Implementing a Data Quality Strategy
Version: 2.0.0
According to Experian’s 2021 Global Data Management Research, “Fifty-five percent of business leaders say they lack trust in their data assets, hindering their ability to be fully data-driven.”
What are Data Quality Issues?
Data quality issues range from basic problems like duplicate data, format issues, and invalid data to more complex challenges such as data bias, ambiguous data, and unstructured data. View a more comprehensive list of data issues here.
Steps to Better Quality Data
Sometimes it’s obvious where the issue is coming from - it’s always been around, and someone knows how to fix it temporarily to get a report out in time. Sound familiar? But to start fixing things, you have to ask a number of questions. I call it discovery! Discovery is about asking questions, the foundation of your strategy to clean dirty data.
Discovery
- What are the data quality issues?
- What are the business impacts of these data quality issues?

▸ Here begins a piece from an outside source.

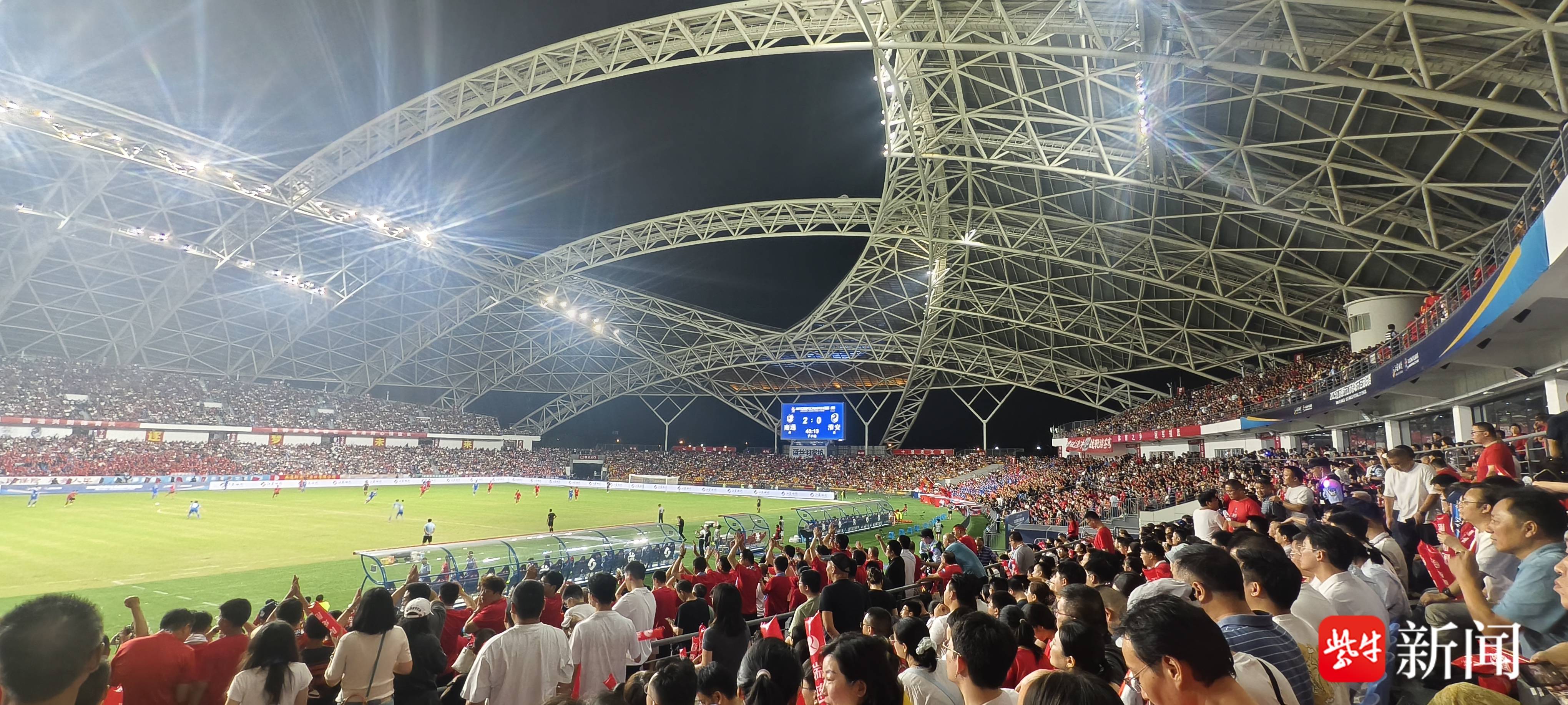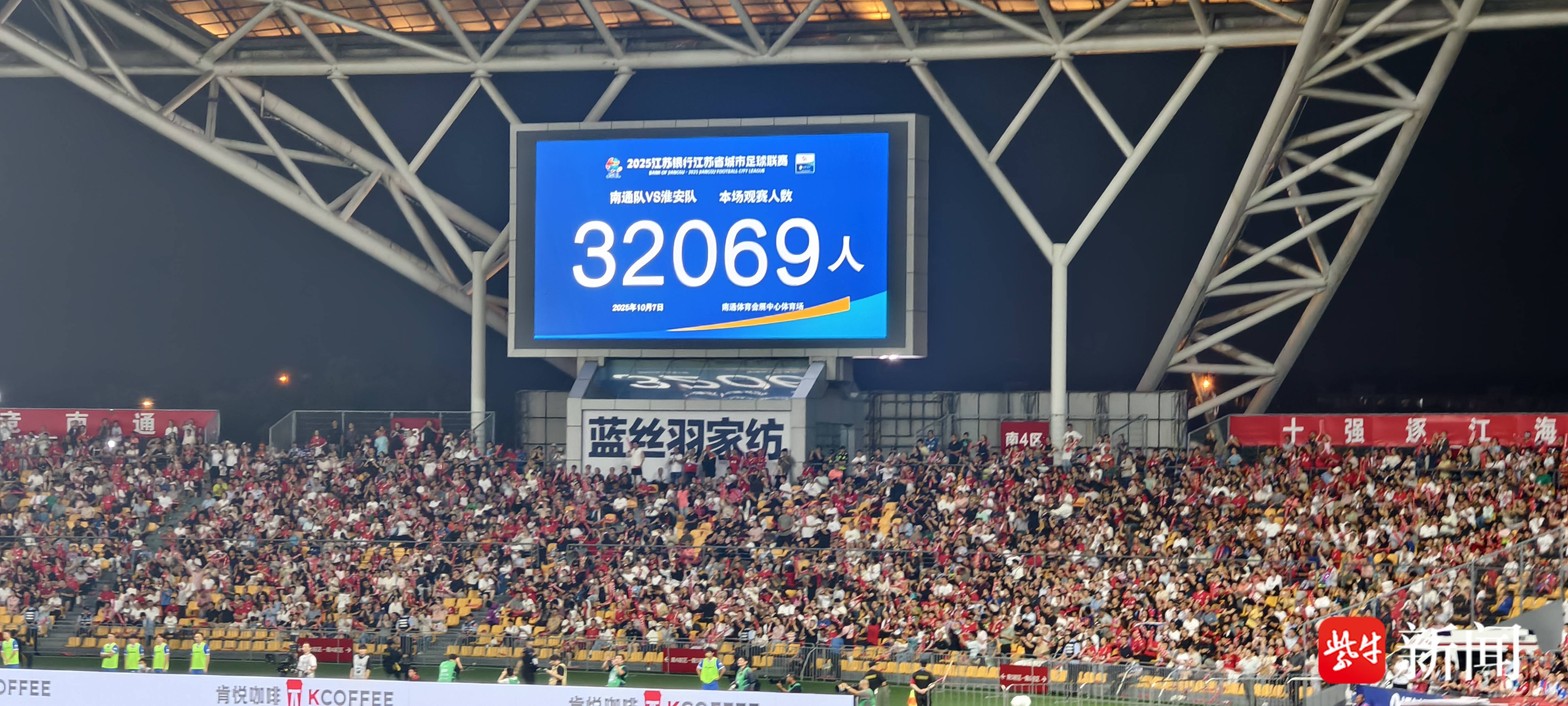 扬子晚报讯(记者 朱亚运 吴佳笑)10月7日晚,万众瞩目的“苏超”四分之一决赛“重头戏”,南通队对阵淮安队的比赛在南通体育会展中心打响。在现场32069名观众见证下,南通队5:0大胜淮安队,成功晋级“苏超”四强,再次用实力证明“榜一大哥”无可争议,同时也创造了淘汰赛以来的最大分差。值得一提的,本场比赛在CCTV5频道全程直播,也证明了这场绿茵对决的空前关注度。

- Can you measure the impact and or risk?
- Where are the data quality issues arising?
- Is it at the source, before it enters your main database, data warehouse, or data lake?
- Is it happening during the ETL process, when data is added to the database?
- Is it a problem that is manifesting itself during the analysis phase or when it is published in the report or dashboard?
- Most importantly, do we have a data owner that can help?
Part of ‘Discovery’ is to understand the data quality issues and their impact on business. Is it easier to wrangle the data post-data entry than it is to change systems and processes that will lead to better data? Changing well-defined processes that may inconvenience a customer for better data input may have an adverse effect - especially if you can fix it relatively easily. It’s important to understand at which stage you will tackle that data issue. It’s important to frame it in the value or risk associated with it to the business - you must be able to measure the impact in some way.
“No data is clean, but most is useful.” — Dean Abbott
Understanding the lineage of your data will greatly help. Where the data comes from, how it is transformed into new data points, what calculations are done, and how that is presented in reports or dashboards. Normally, many aspects of definition (see below) are already in place; however, more than likely, it will be incomplete. If you can’t show the lineage of your data, how can you trust it?
Data Lineage is important in tracking data quility issues. There are a number of Cloud services such as Snowflake and Azure that provide a suite of tools that can help.
Defining data is critical in cleaning bad data but also maintaining quality data. It’s an important part of the strategy to maintain quality data sources to help drive data-decision making to achieve positive business outcomes.
Defining Your Data
This includes:
- Data Catalogue
- Data Structure
- Data Lineage
- Data Classification
- Data Ownership
Defining your data will go a long way in ensuring you can tackle data quality issues quickly and efficiently. But most importantly, identifying who owns the data is equally important. If you can’t identify an owner, can you assign one that you can work with? The problems in quality may be technical, human, governance-related, and/or due to a lack of operational systems that allow for issues to creep in.
“Without clean data, or clean enough data, your data science is worthless.” — Michael Stonebraker
To bring it all together, you need data management and operational and technological systems in place to reduce and eliminate data quality issues. The list below is a good start in what is needed to bring everything together to deliver on your data quality strategy. Data Teams, Data Owners, and Data Champions are vital as they are the glue to make things work. People are at the heart of solving problems, implementing solutions, and delivering outcomes that align with business strategy.
Data Management
-
Data Teams:
- Data Management
- Data Teams
-
Data Owners and Data Champions:
- Identify data owners to support data management.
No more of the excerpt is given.